اِنَّ الَّذِيْنَ جَاۤءُوْ بِالْاِفْكِ عُصْبَةٌ مِّنْكُمْۗ لَا تَحْسَبُوْهُ شَرًّا لَّكُمْۗ بَلْ هُوَ خَيْرٌ لَّكُمْۗ لِكُلِّ امْرِئٍ مِّنْهُمْ مَّا اكْتَسَبَ مِنَ الْاِثْمِۚ وَالَّذِيْ تَوَلّٰى كِبْرَهٗ مِنْهُمْ لَهٗ عَذَابٌ عَظِيْمٌ

Artinya: “Sesungguhnya orang-orang yang membawa berita bohong itu adalah dari golongan kamu juga. Janganlah kamu kira bahwa berita bohong itu buruk bagi kamu bahkan ia adalah baik bagi kamu. Tiap-tiap seseorang dari mereka mendapat balasan dari dosa yang dikerjakannya. Dan siapa di antara mereka yang mengambil bahagian yang terbesar dalam penyiaran berita bohong itu baginya azab yang besar”.

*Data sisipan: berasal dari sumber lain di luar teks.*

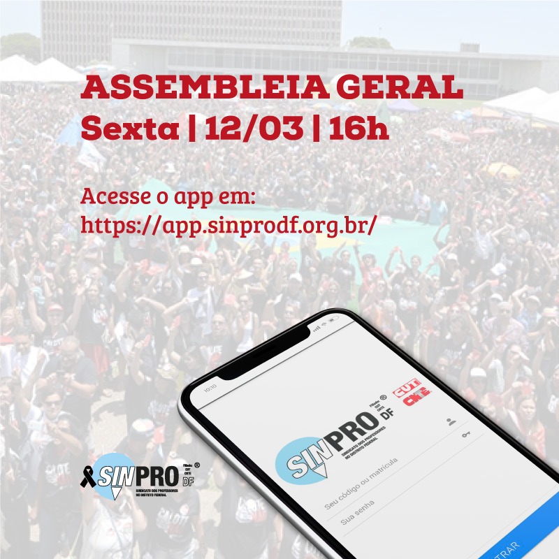 Para participar da assembleia geral do Sinpro-DF nesta sexta-feira (12), basta clicar no link https://app.sinprodf.org.br/. O endereço é do aplicativo do Sindicato e sua instalação para participar da assembleia é opcional. Ao clicar no link, por um computador de mesa ou qualquer dispositivo móvel, a/o participante acessará o app, onde terá acesso ao botão “assembleia”.

Karena itu, sudah sepatutnya kita sebagai umat Islam harus berhati-hati dalam menerima kabar atau berita dari siapa pun itu, agar tidak terjadi hal-hal yang buruk. Para pengguna smartphone sudah sepatutnya juga harus pintar dalam menggunakan teknologi tersebut untuk hal-hal yang baik, agar selaras dengan apa yang dipergunakannya. “Smart Think and Don’t Believe about information before you check and search accuracy.